Taxing more services also makes the sales tax less regressive, because wealthier people tend to spend more of their money on services than do poorer people.

Reaching the best compromise

The sales tax leg of the stool would likely grow too long under either the House or the Senate proposal. One way to even things back up is to take away several of the local sales taxes. Another would be to let local governments use impact fees to cover more of the infrastructure costs that growth demands.

Some changes in property tax exemptions could also help keep the new tax system from being even more regressive than the one we have now. Adjusting income tax brackets would be the best way to ensure fairness across income groups.

Beyond the big three taxes, South Carolina has the lowest cigarette tax in the country and the fourth-lowest gasoline tax.
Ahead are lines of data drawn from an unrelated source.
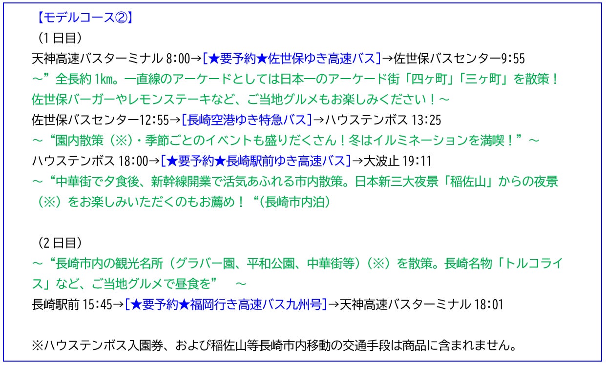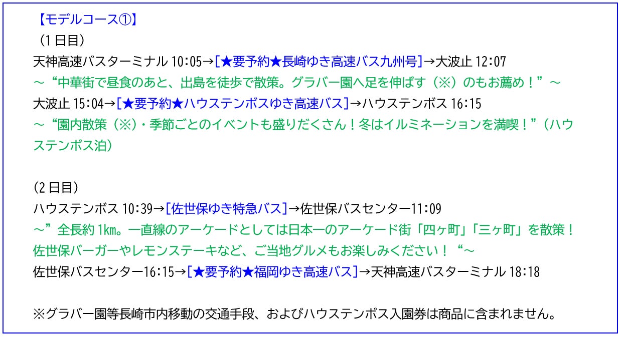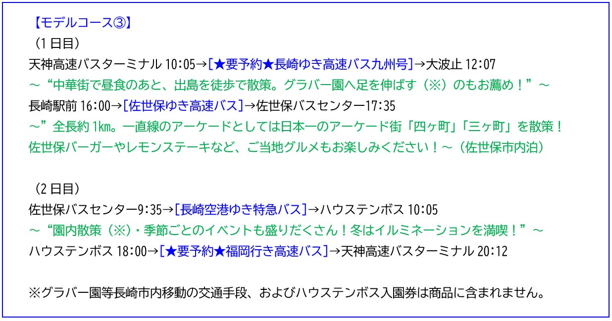 【「とりっぷきっぷ長崎・佐世保・ハウステンボス」モデルコース】
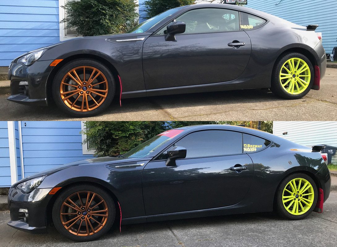 The before picture was taken a couple months before. I just happened to have that photo. Spring Specs From CSG: Swift Spring - Spec-R Springs Application: Subaru BRZ / Scion FRS Spring Rate (Front): 4.4-kg/mm (245-lb/in) Drop (Front): -28 mm (-1.1 in) Spring Rate (Rear): 5.3-kg/mm (296-lb/in) Drop (Rear): -25 mm (-1.0 in)
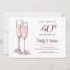 Levantem um copo conosco enquanto brindamos ao nosso 40º aniversário de casamento. Este convite elegante, com dois óculos de champanhe cor-de-rosa, é a forma perfeita de convidar seus amigos e família a se juntarem à alegria, riso e lembranças queridas. Você pode adicionar facilmente todos os detalhes necessários ao texto personalizável. Escolha entre vários tipos de papel e estilos de canto para tornar seus convites exclusivos. Além disso, você tem a opção de baixar o convite se preferir um formato digital.
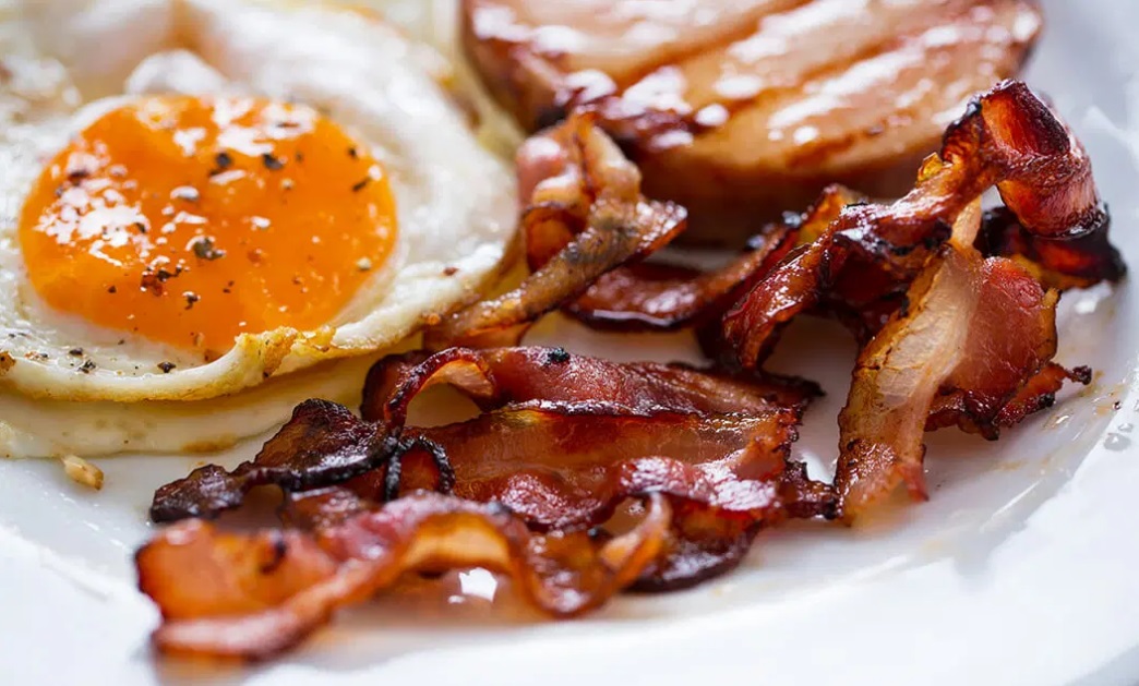 2 Ko je slanina pečena, jo premaknemo na stran in v ponev ubijemo 2 jajci. Počasi pečemo – lahko pokrijemo s pokrovko, da se segreje tudi rumenjak, vendar mora ostati tekoč. Solimo in popramo po okusu.
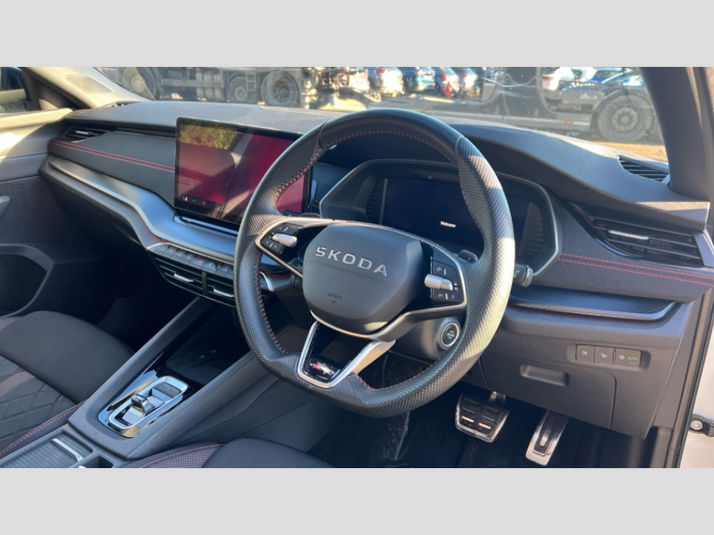 Skoda Octavia 2.0 TSI vRS 5dr DSG 1x USB Typc C port in rear view mirror, 4x USB Type C ports - 2x in front centre console and 2x in rear (45W), Drive mode selection, Driver fatigue sensor, eCall emergency system, Electrically operated boot with virtual pedal, Front assist system, Progressive dynamic steering, Traffic sign recognition, Turn Assist, Virtual Cockpit - 10.25" digital display, Voice control system, Wireless charging (15W) with cooling function, Wireless SmartLink for Apple CarPlay and Android Auto, Electronically controlled limited slip differential, vRS suspension, 13" touchscreen display with navigation, DAB Digital radio, Aero front windscreen wipers with intermittent function, Auto dimming rear view mirror, Black sport exhaust pipes, Body colour bumpers, Body colour door handles, Electric front and rear windows, Exterior gloss black sports styling including front grille, window surrounds, door mirrors and badging, Gloss black diffuser, Gloss black spoiler, Heated rear windscreen, High beam control, High level third brake light, Ice scraper in fuel cap, LED daytime running lights, Logo projection in front doors, Rain and light sensors, Rear fog light on one side, Rear privacy glass, Rear side wing doors, Unique vRS bumpers and exterior styling, 12 volt socket in boot, 3 rear headrests, 3 seat bench in 2nd row, 4 foldable roof handles, Aluminium pedals, Front head restraints, Front sport seats, Heated front seats, Illuminated glovebox, Interior door handles in dark chrome, Jumbo Box storage, Luggage compartment lighting x2 lights, Mechanical rear seat release from boot, Parcel shelf - folding, Single front passenger seat, Steering wheel in black leather with black stitching, Storage compartments in left and right of boot, Sun visors with mirrors, Sunglasses storage, Ticket holder, Umbrella in door panel, Unsplit rear bench seat, split folding backrest with centre armrest with cupholder, Waste bin in door panel, Comfort package - Octavia, Family package - Octavia, Light and view package plus - Octavia, vRS Design Selection pack - Octavia, 3x3 point rear seat belts, Alarm with interior monitoring, tilt sensor and back up horn, Curtain airbags and front side airbags, Driver and front passenger airbags, Drivers knee airbag, Electronic parking brake, ESC including ABS, EBV, MSR, ASR, EDS, HBA, DSR, Front central airbag, Hill hold assist, ISOFIX on front passenger seat and outer rear seats, Passenger airbag deactivate switch, Red brake calipers, Three point seat belts in front and rear, Two tone horn, Tyre pressure monitor, Visual and acoustic seat belt reminder, Warning reflectors in front door, Anti-theft wheel bolts, Keyless start/stop, Remote central locking, Gloss black air vent surrounds, 19" Elias anthracite alloy wheels
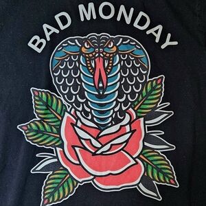 BAD MONDAY T Shirt Graphic 100% Cotton Black Snake Tattoo Style Men Size Medium
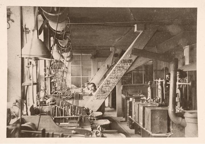 Un reloj de pulsera Vacheron Constantin de 1921 y los talleres de la empresa en 1900.
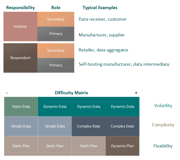 One actor, known as the Initiator, connects to the other, known as the Respondent. At this point, neither actor is technically primary or secondary – that relationship will be established later, when the two actors decide the course of action they’ll be taking. A given actor could receive data for one set of product information, or send data for another; this is dictated by the plan, which will be agreed to in the negotiation.
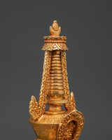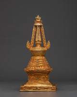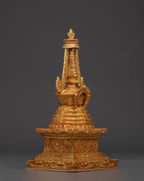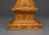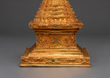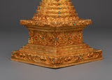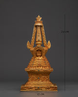 Each layer of this stupa is exquisitely crafted, with brilliant coral and blue stones accentuating its beauty and spiritual importance. The copper body symbolizes strength and stability, whilst the gold coating indicates purity, knowledge, and spiritual riches. Placing this stupa in your house or temple not only brings good energy and benefits, but it also serves as a visual reminder of the Buddha's teachings and the road to enlightenment. This item is an excellent gift or centerpiece for your spiritual décor.
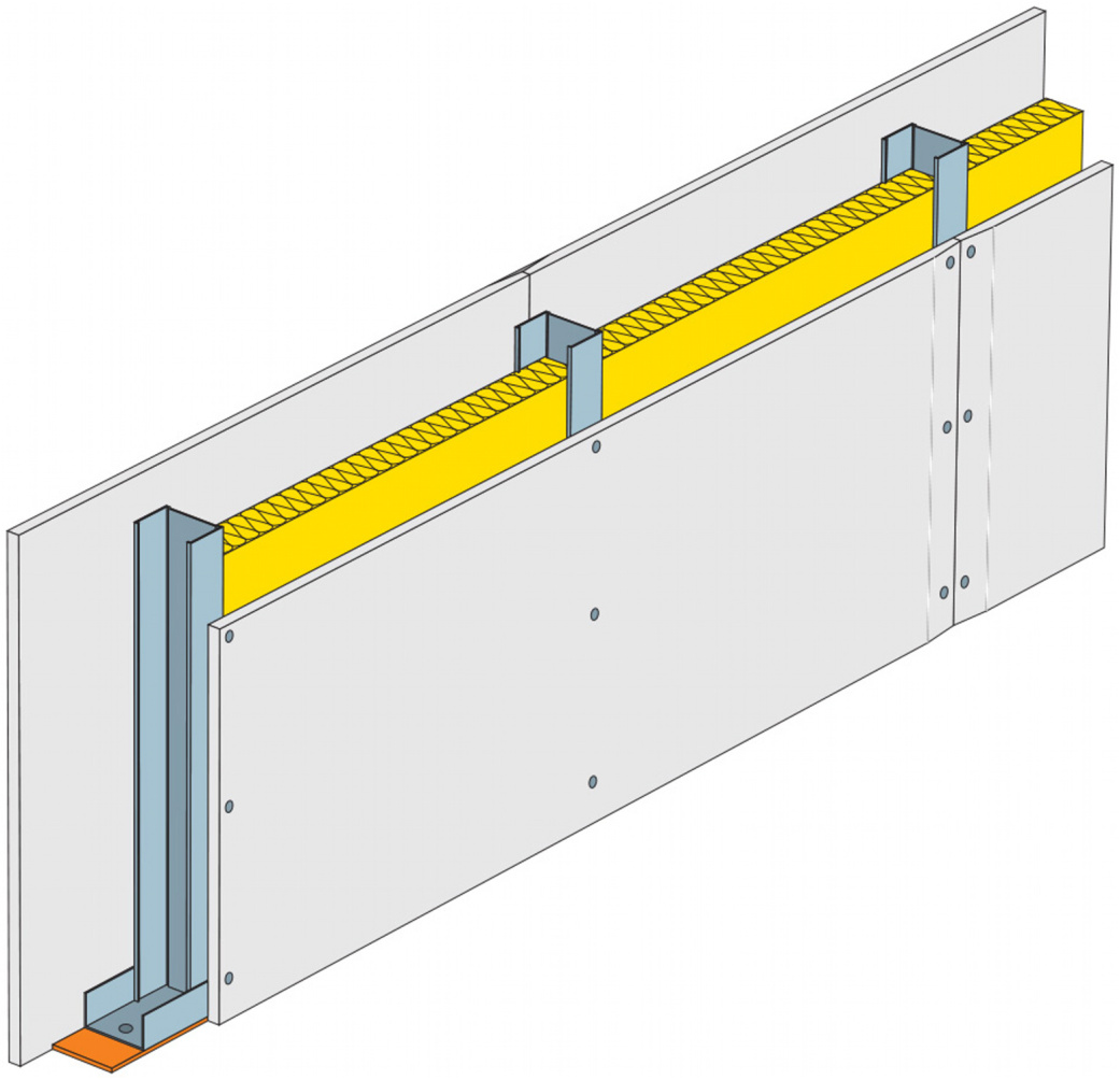 Izolace z minerálních vláken se do dutiny příčky vloží po opláštění první strany příčky a po uložení požadované elektroinstalace (resp. instalace zdravotní techniky apod.). Minerální izolaci lze volit buď v rolích (např. skelná izolace Isover Piano), nebo v deskách (např. čedičová izolace Isover Orset). Počet vrstev, tloušťka, objemová hmotnost, resp. typ minerální izolace musí být v souladu s předepsanými požadavky na požární odolnost a vzduchovou neprůzvučnost – viz Technické listy konstrukcí na www.rigips.cz.
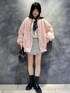 ツヤ感が可愛いピンクのMA-1に合わせて、ミニ丈で若々しいコーディネートに❤︎ 是非店頭でお試しください!☺︎︎
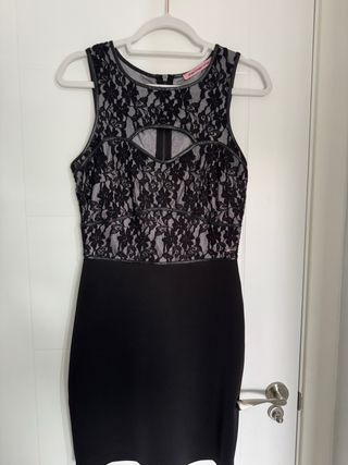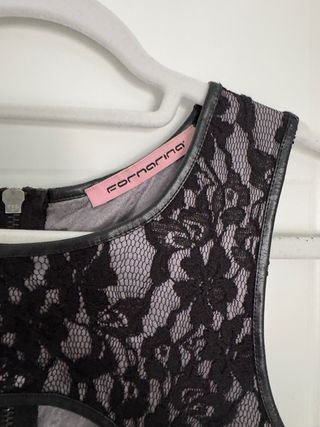 Elegante vestido de la marca Fornarina con un diseño sofisticado. - Cuerpo superior de encaje negro. - Detalle cut-out en la zona del escote. - Falda recta en tejido negro.
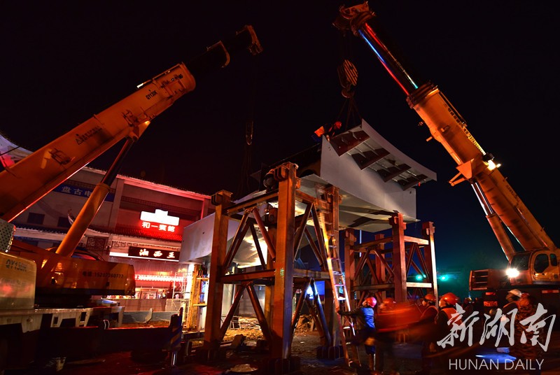 12月23日凌晨,吉首市乾州建新路,施工人员在吊装人行天桥。近年来,该市加快推进交通突围工程、城市提质工程、产业攻坚工程、民生升温工程等,着力打造宜居、宜业、宜游、宜养的精品城市,建设武陵山片区生态文化旅游中心城。 姚方 摄

Those low taxes encourage kids to smoke, and discourage conservation, propping up Middle East despots. The best time to increase both of those taxes is now, as part of whatever plan emerges.

When you’re dealing with something as complex as redesigning a tax system, the question isn’t whether the final plan looks exactly the way anyone wants. If it does, it’s probably unacceptable to most people. The question is whether it does more harm than good.

If we keep our focus on meeting those essential goals of adequacy, stability, fairness and allegiance to the values of our society, then the plan that finally emerges should do that. If we don’t, then it likely will do more harm than good — and should be rejected.